Daniele Raineri, uno degli inviati a Kiev, riferisce che “circa il settanta per cento degli edifici della capitale non ha energia elettrica ed è senza acqua corrente, per scaricare i bagni ci vogliono taniche e secchi e neve sciolta. La temperatura fluttua attorno allo zero, ma tutti sanno che tra poco scenderà di altri dieci gradi. La capacità dell’Ucraina di ripristinare la rete elettrica si degrada bombardamento dopo bombardamento e presto o tardi varcherà il punto di non ritorno. Nel buio, gli ucraini hanno inteso il senso della sfida e per ora non si lamentano e non c’è panico. Capiscono che è Putin che li vuole esposti al freddo, si va verso un’altra prova collettiva di resistenza. C’è da vedere quanto durerà questo spirito ucraino nei mesi che vengono, perché se verrà a mancare l’unica salvezza è spostarsi verso l’Europa riscaldata”. Stalin nel 1932 utilizzò la fame per piegare gli Ucraini, Putin nel 2022 sta utilizzando il freddo: l’effetto è lo stesso.
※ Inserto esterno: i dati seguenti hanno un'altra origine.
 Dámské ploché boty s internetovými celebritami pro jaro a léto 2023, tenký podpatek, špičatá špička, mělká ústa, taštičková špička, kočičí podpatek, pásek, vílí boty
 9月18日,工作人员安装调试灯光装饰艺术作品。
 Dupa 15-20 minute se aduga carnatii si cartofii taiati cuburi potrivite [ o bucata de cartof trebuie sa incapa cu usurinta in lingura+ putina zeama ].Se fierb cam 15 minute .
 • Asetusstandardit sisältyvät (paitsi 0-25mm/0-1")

Non è difficile, dal caldo delle nostre case, descrivere questa tragedia e auspicare che presto “si trovi” una soluzione; ma le soluzioni non “si trovano” da sole, bisogna trovarle insieme esplorando tutte le strade possibili. L’Unione Europea ha fin qui correttamente e coerentemente percorso la strada delle sanzioni all’aggressore e del sostegno all’aggredito, ma -a meno di non restare in tribuna ad attendere Godot mentre lo scempio prosegue- occorre lo sforzo etico e creativo di esplorare anche altre strade, inventando soluzioni alternative, mediatori alternativi, mediazioni non esplorate, pressioni indirette… non lasciando -insomma- nulla di intentato. Ovviamente  non so quali possano essere queste altre strade, ma -se abitassi a Kiev invece che a Roma- mi augurerei che qualcuno le trovasse.
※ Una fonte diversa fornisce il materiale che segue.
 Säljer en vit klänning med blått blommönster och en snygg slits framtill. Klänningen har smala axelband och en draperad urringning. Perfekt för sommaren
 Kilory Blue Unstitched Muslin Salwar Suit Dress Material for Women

L’esito di questa guerra -quale che sarà- non equivarrà ad una pratica archiviata e chiusa perché  gli eventi che viviamo e il modo in cui li conduciamo sono i semi del futuro: nel bene o nel male germoglieranno, producendo relazioni positive o preparando nuovi conflitti. Trovare presto una risposta è allora una responsabilità verso il presente e verso il futuro.